If the keyboard and printer are wired so that there's a direct connection between the two (half duplex mode), set halfduplex to True. If not, use False. Full duplex mode (False) works better. In half duplex mode, the computer can send while you're typing and produce garble.
The character sets available are USTTY (most AT&T and military teletypes), ITA2 (most Western Union machines), or FRACTIONS (machines used in finance, with ⅛, ¼, etc.). The letters are the same for all character sets; all the differences are in FIGS shift. In FRACTIONS mode, some substitutions, such as "# # #" for ".", are made for unavailable characters.
|If you have a Google Voice account which accepts SMS messages, you can have baudotrss poll it and print incoming SMS messages on the Teletype. You can also send SMS messages from the Teletype keyboard. This is optional. We do not guarantee that this feature will continue to work if Google changes Google Voice.
|News feeds. Any RSS feed can be followed. Multiple feeds can be read; just give each one a different name, such as "news1", "news2", etc.
city: City of San Jose
|Weather, from US National Weather Service.
Fill in state and city. State and city lookups use a USGS database with every named civic unit in the US but may pick an obscure one when there are multiple matches in the state.
||See the "configdefault.cfg" file for other parameters you can set to customize the output format.
After installing the program, create your own configuration file, and start the program with
python baudotrss.py -v --ryrypat yourconfigfilename.cfg
This will print "RYRY..." etc., and allows checking out mechanical, electrical, and configuration problems. The port and baud parameters have to be right for this to work, but nothing else matters. Once that's working, remove the --ryrypat to operate normally.
Any RSS feed, including Twitter feeds and news feeds, can be followed by putting the appropriate URL on the command line. Multiple URLs are allowed. Each feed will be polled every 90 seconds and new items will be printed. If no RSS feeds are specified, the Reuters World News feed will be used.

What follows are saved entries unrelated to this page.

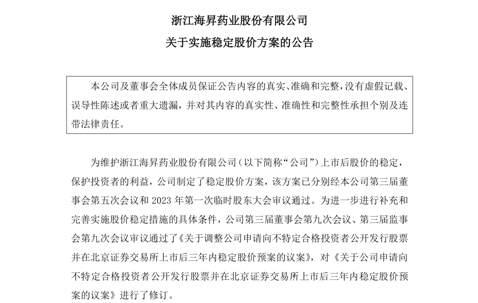 海昇药业于今年2月2日登陆北交所,发行价格为19.90元/股,自2024年2月5日起至2024年2月26日,海昇药业股票出现连续10个交易日的收盘价均低于上市发行价格。因此,已触发稳定股价措施启动条件,2024年2月26日为触发日。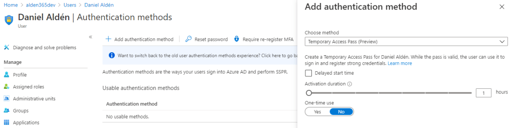 Ensure that you enable the “new user authentication methods experience“. Add authentication method. Select Temporary Access Pass (preview) and select for how long time the user activation is enabled. The “Activation duration” depends on which lifetime settings where made earlier.
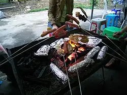 Mu kratha is a cooking method that originated in Thailand, In Philippines, Singapore and Malaysia, it is known as mookata.[18]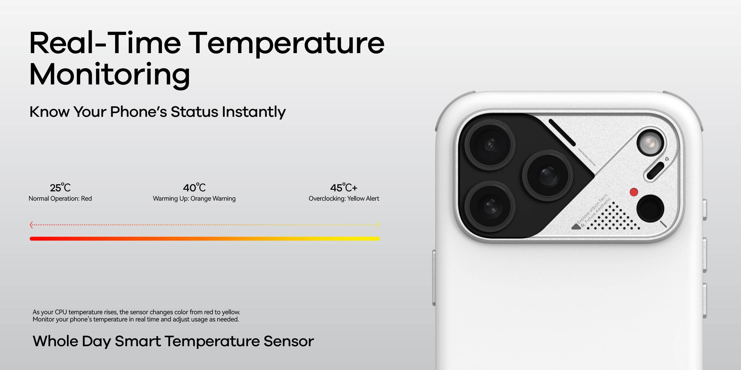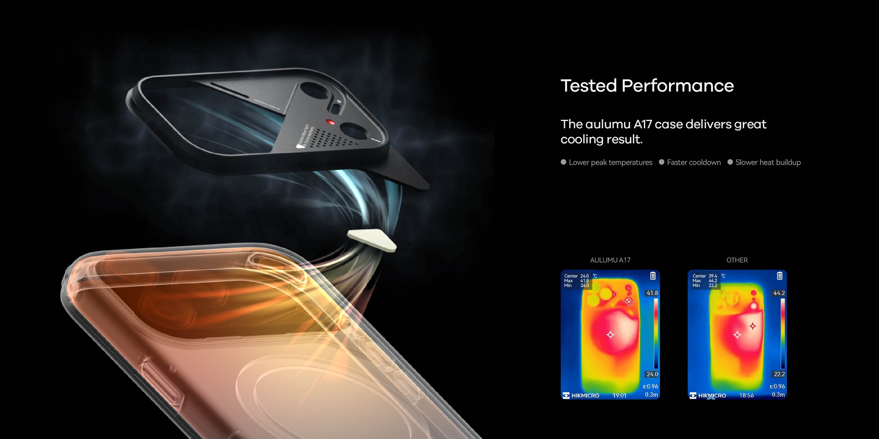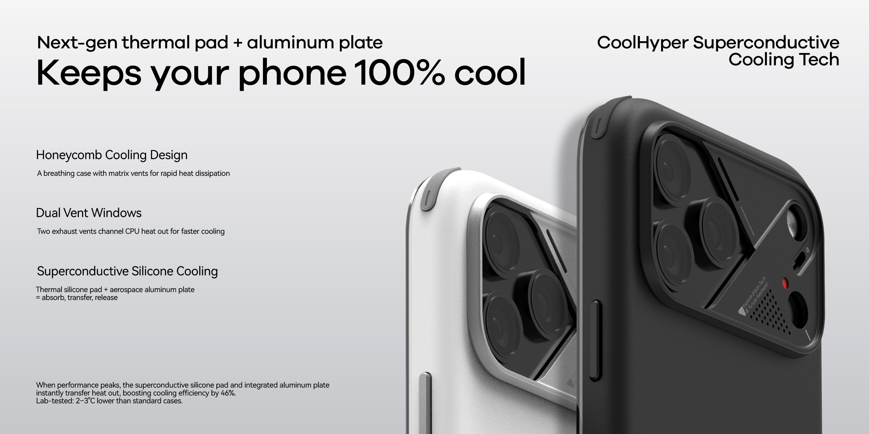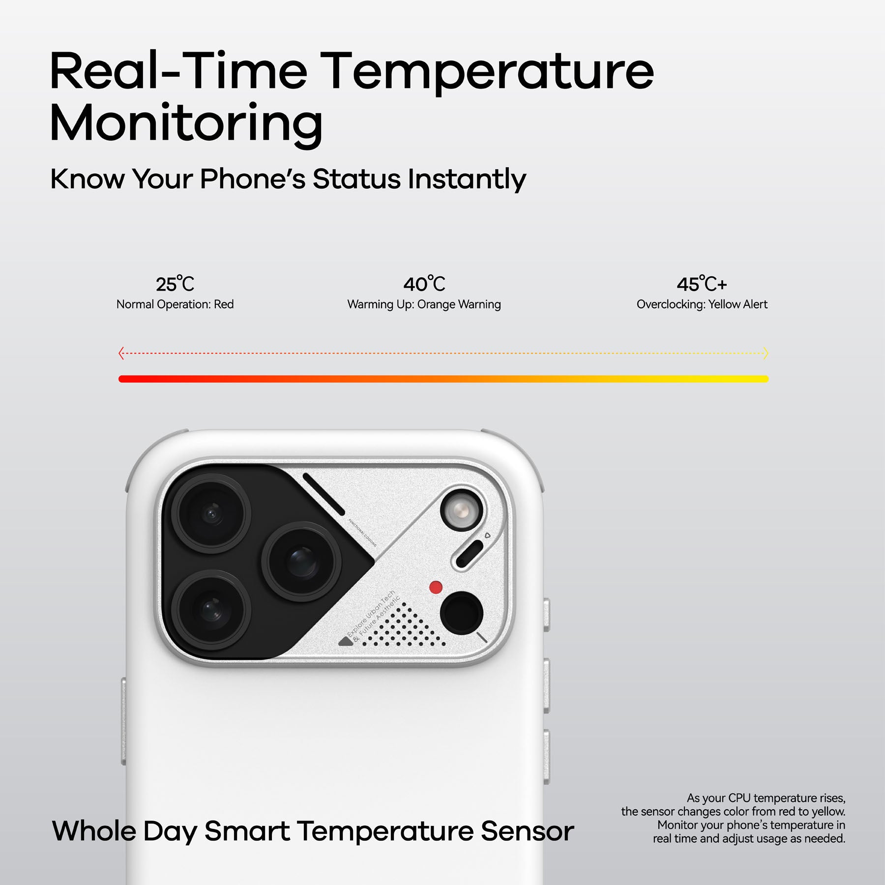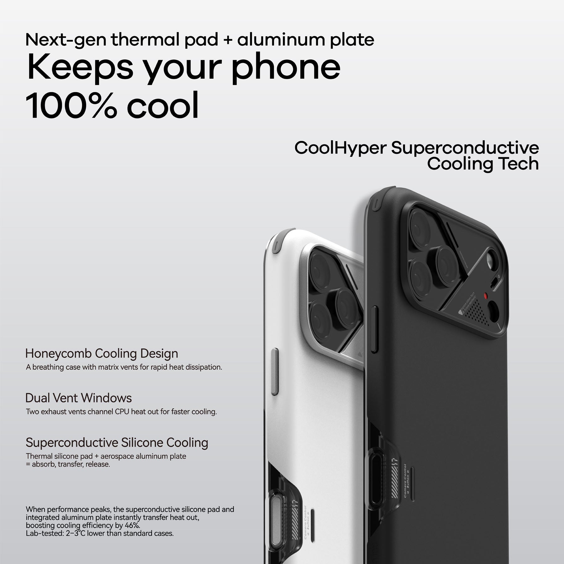 The superconductive silicone pad and integrated aluminum plate boost cooling by 46%, while the color-changing temp indicator keeps you informed. Stylish, durable, and portable — the perfect balance of protection, cooling, and design.

The program runs until terminated from the computer.
The program will start and stop the Teletype motor only if the DTR signal from the serial port controls the motor. Our hardware interface does this, but this is not a standard Teletype feature.
With a keyboard, the program is interactive. At startup, the program will print
N, W, S, O, OR CR:
"N": print news, then wait for traffic and stop motor.

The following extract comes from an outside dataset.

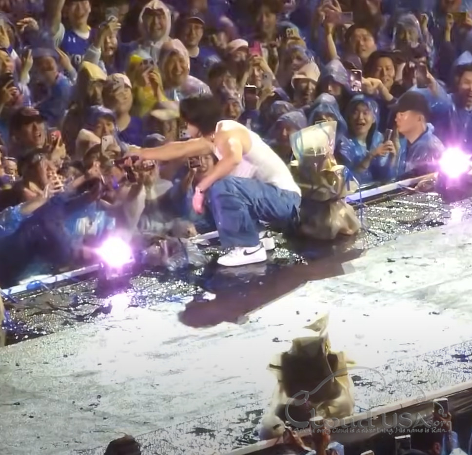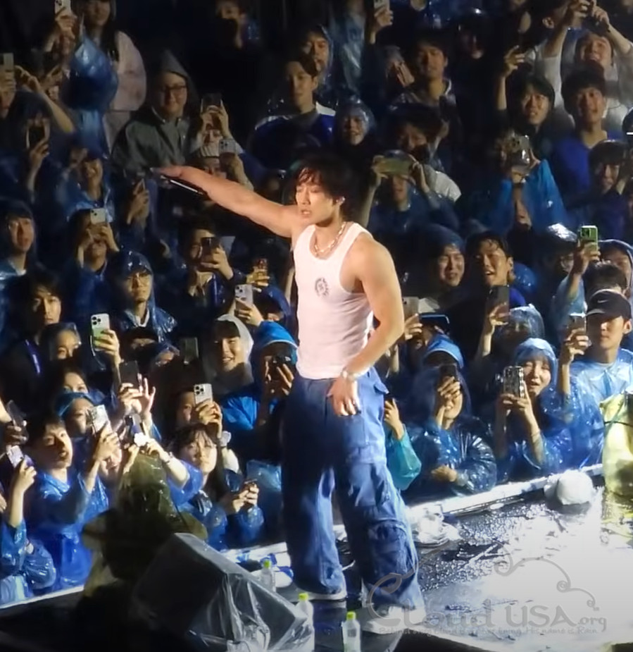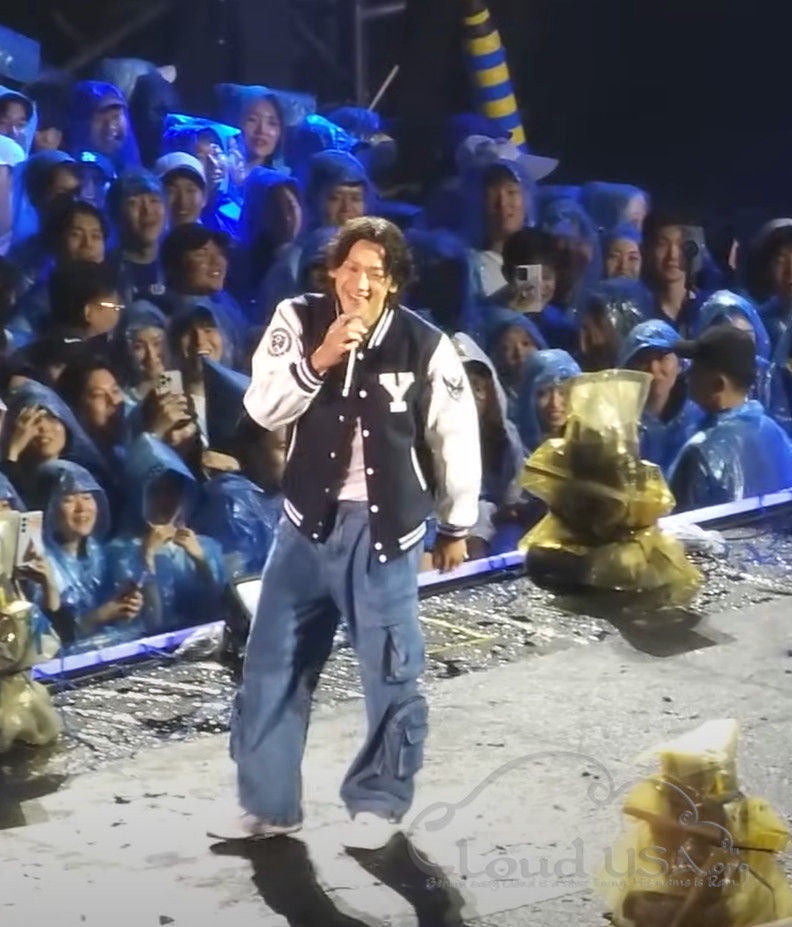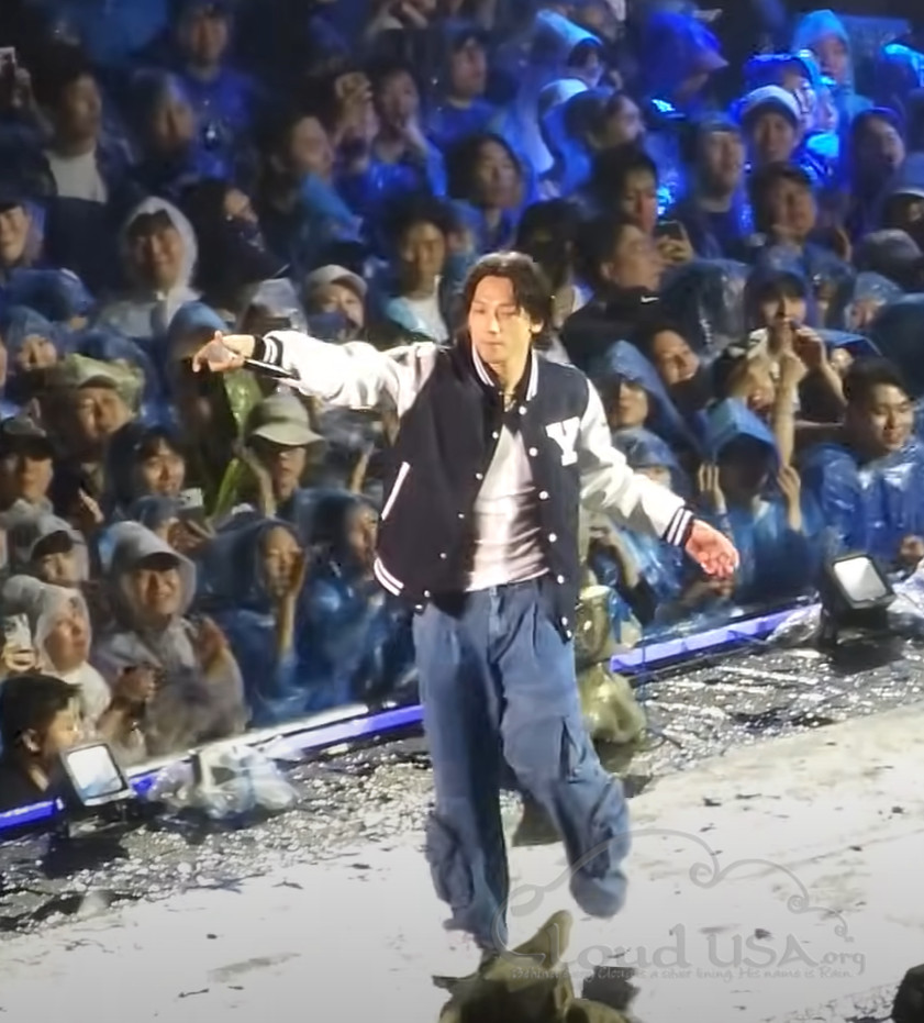 That Yonsei U. varsity jacket is FIRE. The wonderful way the audience responded to Rain and sang all of his songs had me laughing, grinning, and singing along. The blowing rain and wet stage had me nervous as heck, especially after his foot almost slid away from him at the beginning of “Gang”… and later when his shoelace came undone, I just put it all in the Lord’s Hands. Whew! THOSE SHOULDERS. They chanted his name and demanded an encore, aw! The comments under the video are AH-MAZING. Someone even called him a “beautiful sin.”

"W": print weather (currently, for San Francisco only.)
"S" : Send SMS message
"O" Off - stop polling for traffic and stop motor.

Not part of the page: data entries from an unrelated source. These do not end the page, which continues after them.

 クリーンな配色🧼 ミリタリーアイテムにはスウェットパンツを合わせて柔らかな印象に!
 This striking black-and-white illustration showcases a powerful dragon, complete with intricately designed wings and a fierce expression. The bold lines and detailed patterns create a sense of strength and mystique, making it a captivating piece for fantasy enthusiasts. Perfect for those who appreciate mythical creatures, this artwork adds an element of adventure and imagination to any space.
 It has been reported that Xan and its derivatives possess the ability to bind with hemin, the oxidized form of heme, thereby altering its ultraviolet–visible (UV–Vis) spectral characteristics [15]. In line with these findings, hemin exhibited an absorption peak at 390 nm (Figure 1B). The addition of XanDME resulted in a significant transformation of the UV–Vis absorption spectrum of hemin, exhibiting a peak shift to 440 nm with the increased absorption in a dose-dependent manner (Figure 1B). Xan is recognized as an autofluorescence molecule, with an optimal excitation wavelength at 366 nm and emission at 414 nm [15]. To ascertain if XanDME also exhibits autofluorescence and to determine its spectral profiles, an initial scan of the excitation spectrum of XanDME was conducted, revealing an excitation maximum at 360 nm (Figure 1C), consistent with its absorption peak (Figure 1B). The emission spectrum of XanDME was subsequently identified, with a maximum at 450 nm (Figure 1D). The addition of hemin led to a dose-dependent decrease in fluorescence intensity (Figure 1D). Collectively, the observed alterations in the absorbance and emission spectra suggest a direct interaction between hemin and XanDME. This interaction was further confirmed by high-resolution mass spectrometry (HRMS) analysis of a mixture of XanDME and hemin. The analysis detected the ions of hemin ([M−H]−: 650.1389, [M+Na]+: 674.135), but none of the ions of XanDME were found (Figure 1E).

"CR": Wait for traffic and stop motor.
Anything else produces a long prompt as a hint:
TYPE N FOR NEWS, W FOR WEATHER, S TO SEND, O FOR OFF, CR TO WAIT:
The last message printed before the machine goes idle will be either "WAITING..." or "OFF." When "waiting", the program is polling its RSS and SMS feeds for new traffic, and will turn on the machine and print.
Sending and receiving SMS messages requires a Google Voice account. The passwords for the account must be specified on the command line as above. It is suggested that the Google Voice account used for this purpose not be used for other purposes, as the program will delete received SMS messages once they have been printed.
Typing "S" at the prompt will produce the prompt:
and a phone number of a cell phone should be typed in. The next prompt is simply
at which text can be typed. Text can be multiple lines, and there is no length limit. The Teletype's "blank key" can be used as a backspace; the Teletype will print "\" followed by the character deleted. The machine itself, of course, cannot backspace. A blank line terminates and sends the message, and "DONE" will be printed.
Typing "." at the TO NO: prompt will use the phone number from the last SMS message received, to make conversation easier.
Messages sent to yourself are ignored; only incoming messages from other phone numbers will be printed.
Sending a BREAK will interrupt whatever is going on and return to the N, W, S, O, OR CR: prompt.